• _What you need to do_: Retype the records below from their first line through the line holding "当天上午9点,这辆公交车停在", including both ends and no pictures.

• _Records shown_:
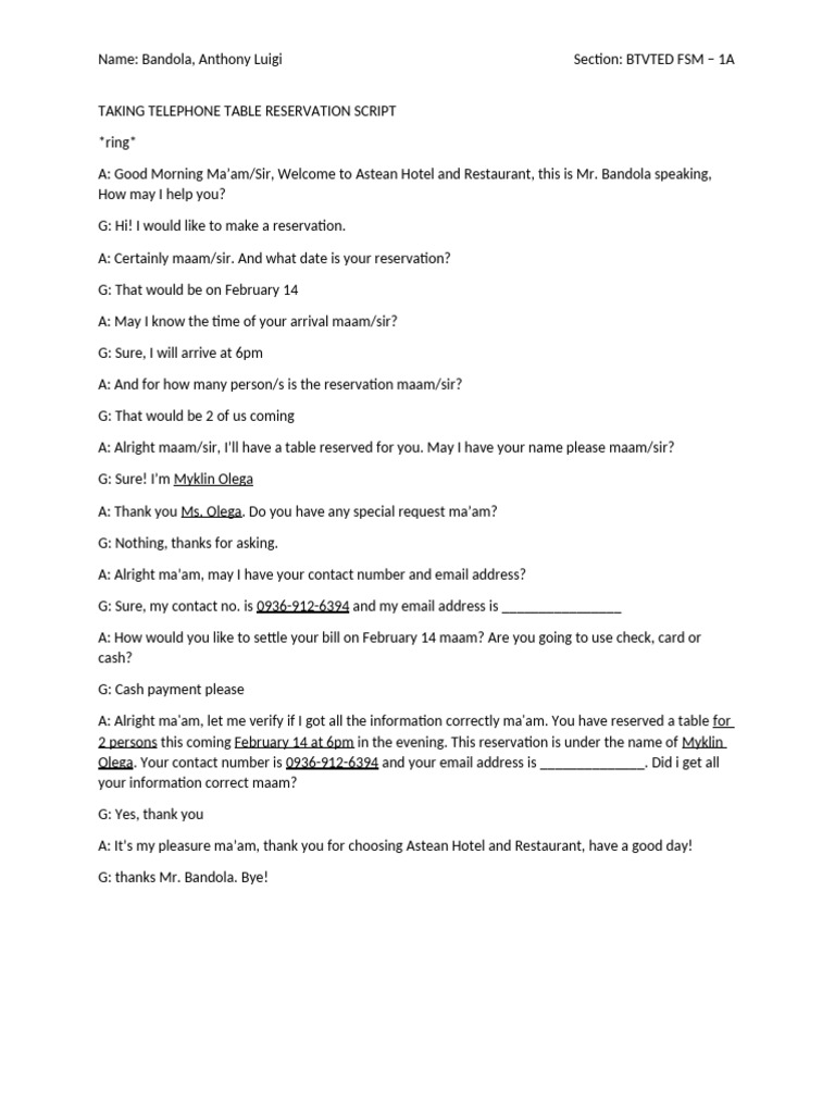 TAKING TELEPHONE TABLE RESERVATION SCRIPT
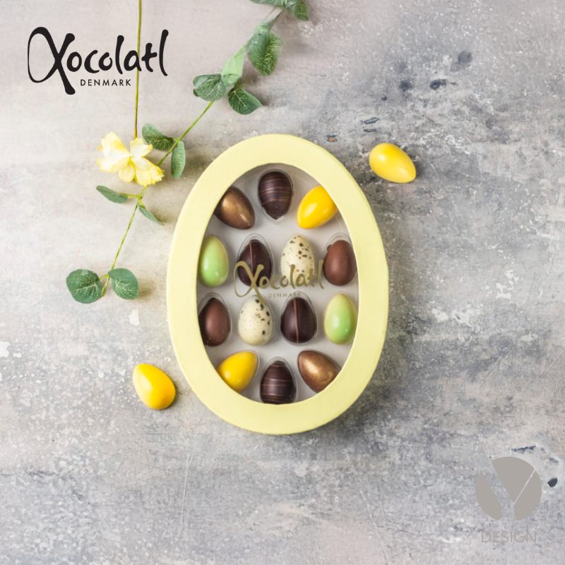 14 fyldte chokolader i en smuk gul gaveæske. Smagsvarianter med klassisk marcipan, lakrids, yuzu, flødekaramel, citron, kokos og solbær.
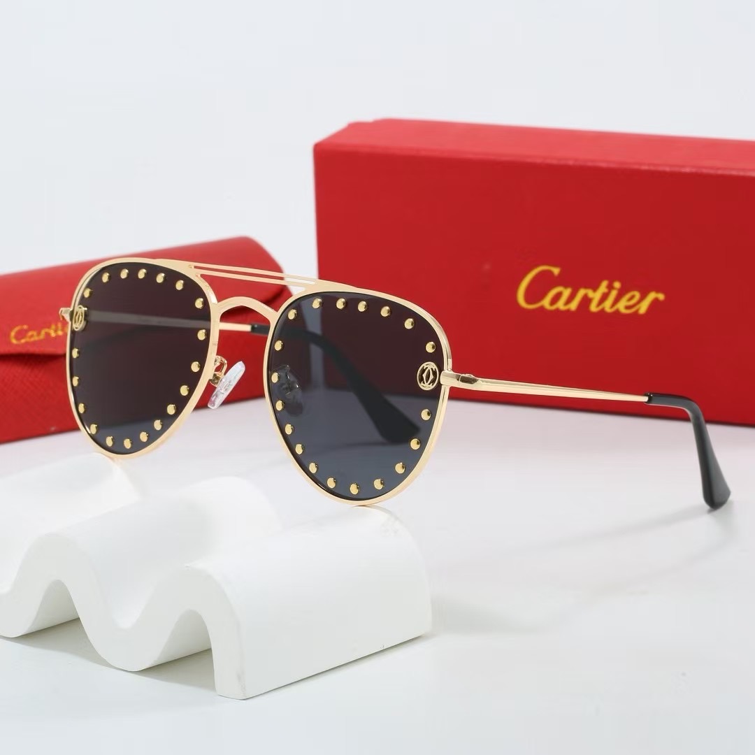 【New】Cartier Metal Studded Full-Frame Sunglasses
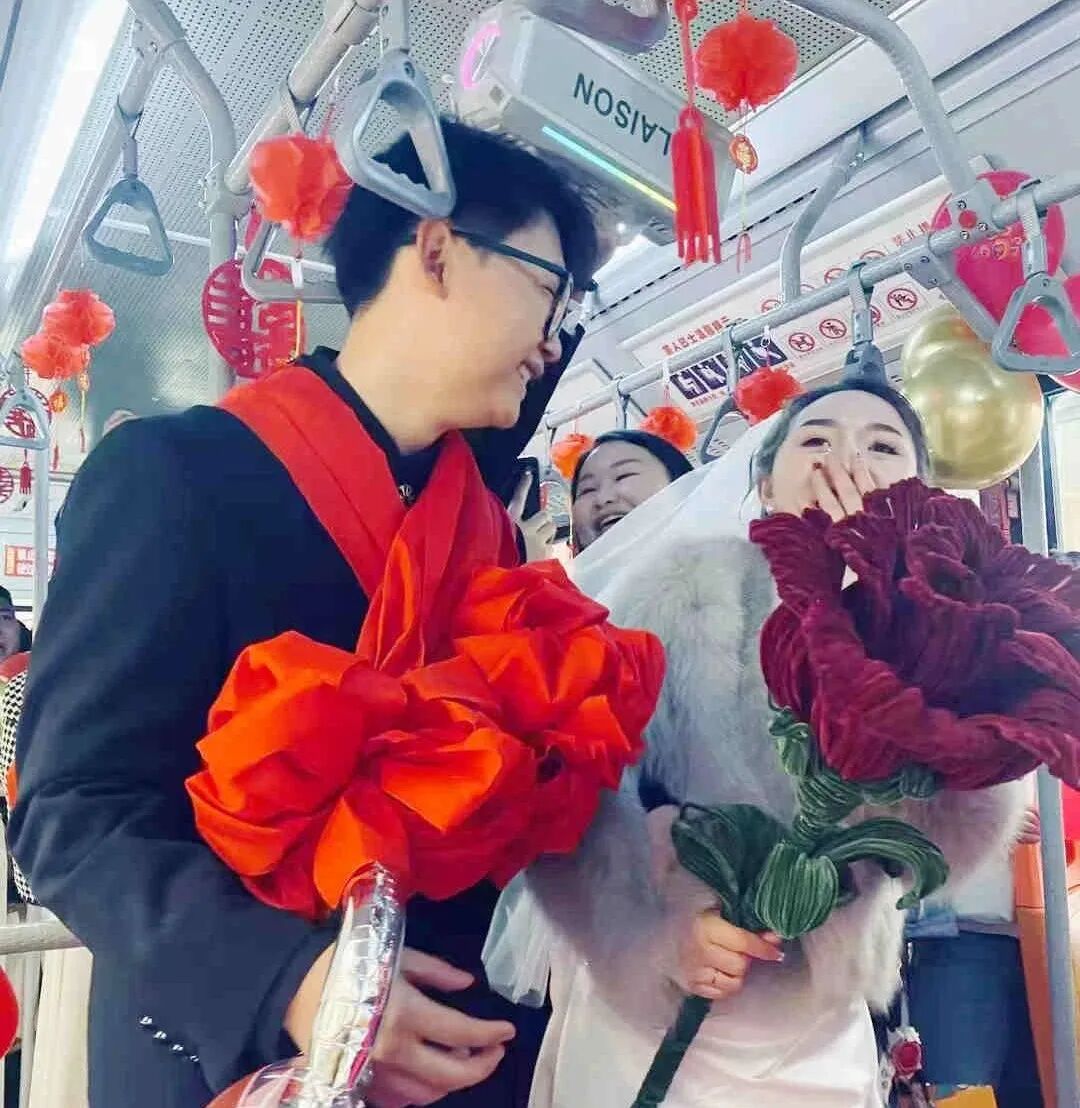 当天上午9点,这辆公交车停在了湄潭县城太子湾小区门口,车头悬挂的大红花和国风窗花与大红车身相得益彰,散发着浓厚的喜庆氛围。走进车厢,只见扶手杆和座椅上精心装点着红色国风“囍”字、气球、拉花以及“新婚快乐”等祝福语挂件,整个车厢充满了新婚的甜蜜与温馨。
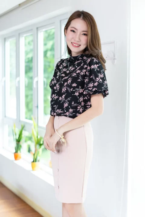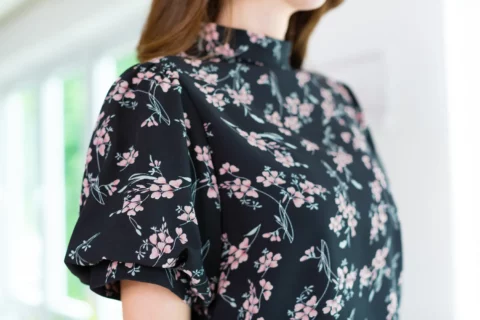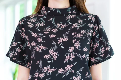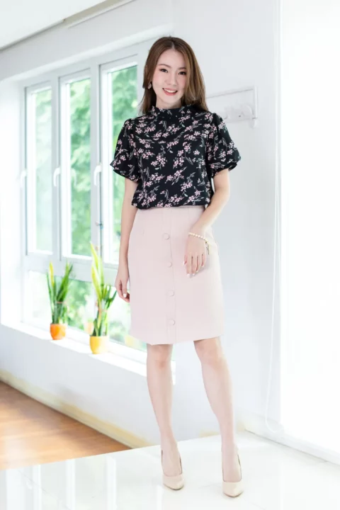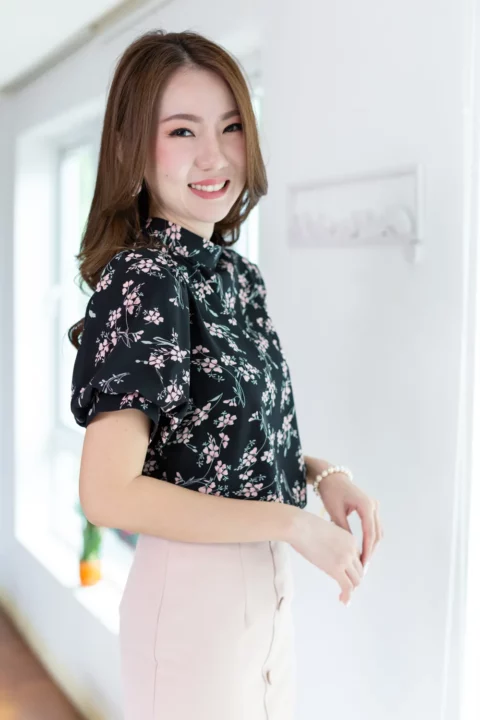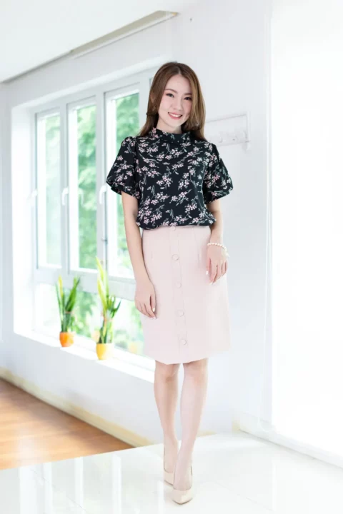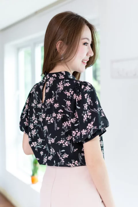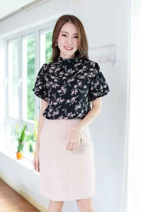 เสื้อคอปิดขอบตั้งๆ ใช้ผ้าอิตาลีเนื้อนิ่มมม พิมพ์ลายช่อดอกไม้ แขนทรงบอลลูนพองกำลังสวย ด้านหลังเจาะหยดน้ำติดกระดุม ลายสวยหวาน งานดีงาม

• _Response area_:
 TAKING TELEPHONE TABLE RESERVATION SCRIPT
 14 fyldte chokolader i en smuk gul gaveæske. Smagsvarianter med klassisk marcipan, lakrids, yuzu, flødekaramel, citron, kokos og solbær.
 【New】Cartier Metal Studded Full-Frame Sunglasses
 当天上午9点,这辆公交车停在了湄潭县城太子湾小区门口,车头悬挂的大红花和国风窗花与大红车身相得益彰,散发着浓厚的喜庆氛围。走进车厢,只见扶手杆和座椅上精心装点着红色国风“囍”字、气球、拉花以及“新婚快乐”等祝福语挂件,整个车厢充满了新婚的甜蜜与温馨。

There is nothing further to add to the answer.